» DATA BLOCK:

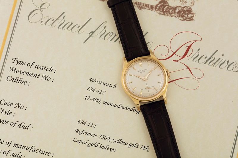 Patek Philippe, Genève, movement No.724417, case No. 684112, Ref. 2509. Very fine and rare, water-resistant, 18K yellow gold wristwatch. Accompanied by the original Extract. Made in 1954
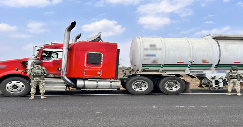 Elementos de la Sedena lograron el aseguramiento de un camión que transportaba aceite de petróleo sin la debida documentación.
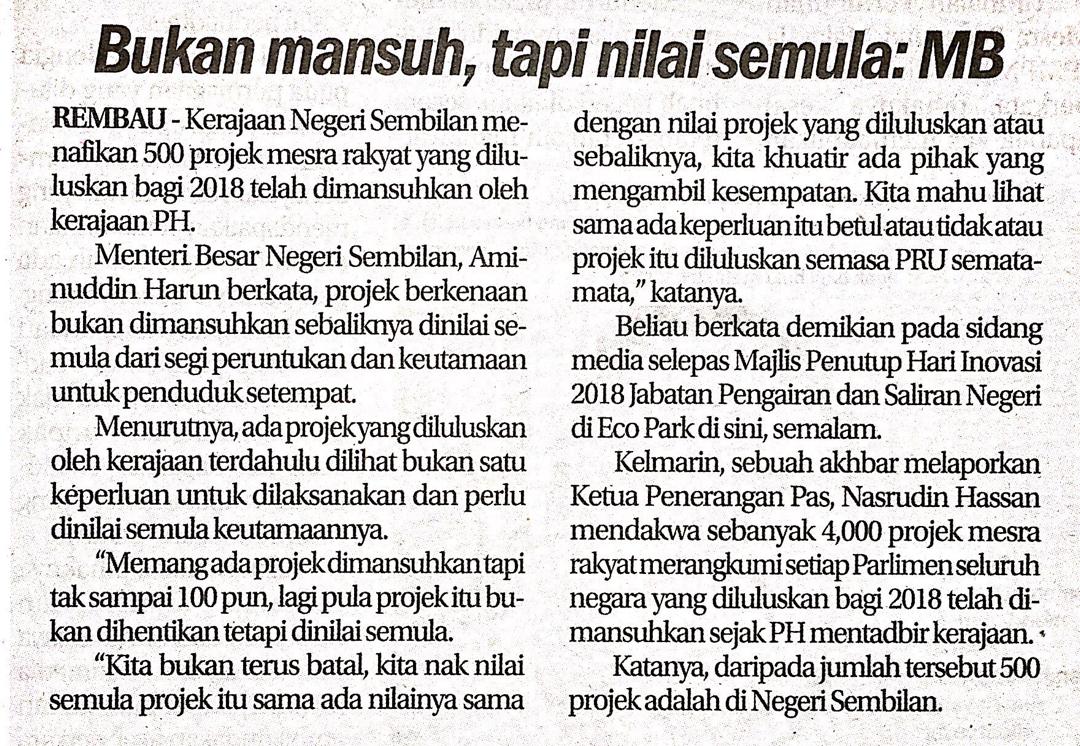 Tajuk :Bukan mansuh, tapi nilai semula:MB
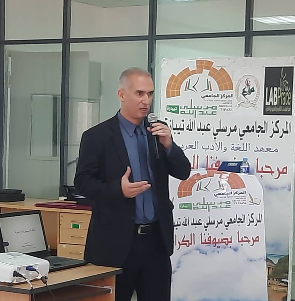 صور من الندوة الدكتورالية الوطنية التي نظمها اليوم الأحد معهد اللغة والأدب العربي احتفاء بشهر اللغة العربية على شرف البروفيسور عمار ساسي برئاسة الدكتور أمين عليوة بحضور مستشار مدير المركز الجامعي تيبازة University Center of Tipaza الدكتور مويسي محمد ومدير المعهد د قرمودي عبدالرحيم ونوابه ورؤساء الأقسام ورئيس فريق الميدان ورئيس المجلس العلمي وممثلين من المجلس الأعلى للغة العربية الدكتورين مراد عباس وكبير بن عيسى وأساتذة من المعهد ومن مختلف ولايات الوطن وطلبة الدكتوراه و الماستر وتخللت الجلستين إلقاءات شعرية من صاحب ألفية الجزائر ابراهيم قارعلي.

» TASK TO COMPLETE: All lines from the one holding "Tajuk :Bukan mansuh, tapi nilai semula:MB" to the end of the listing above need to be duplicated exactly. None of the pictures should be included.

» YOUR RESPONSE:
 Tajuk :Bukan mansuh, tapi nilai semula:MB
 صور من الندوة الدكتورالية الوطنية التي نظمها اليوم الأحد معهد اللغة والأدب العربي احتفاء بشهر اللغة العربية على شرف البروفيسور عمار ساسي برئاسة الدكتور أمين عليوة بحضور مستشار مدير المركز الجامعي تيبازة University Center of Tipaza الدكتور مويسي محمد ومدير المعهد د قرمودي عبدالرحيم ونوابه ورؤساء الأقسام ورئيس فريق الميدان ورئيس المجلس العلمي وممثلين من المجلس الأعلى للغة العربية الدكتورين مراد عباس وكبير بن عيسى وأساتذة من المعهد ومن مختلف ولايات الوطن وطلبة الدكتوراه و الماستر وتخللت الجلستين إلقاءات شعرية من صاحب ألفية الجزائر ابراهيم قارعلي.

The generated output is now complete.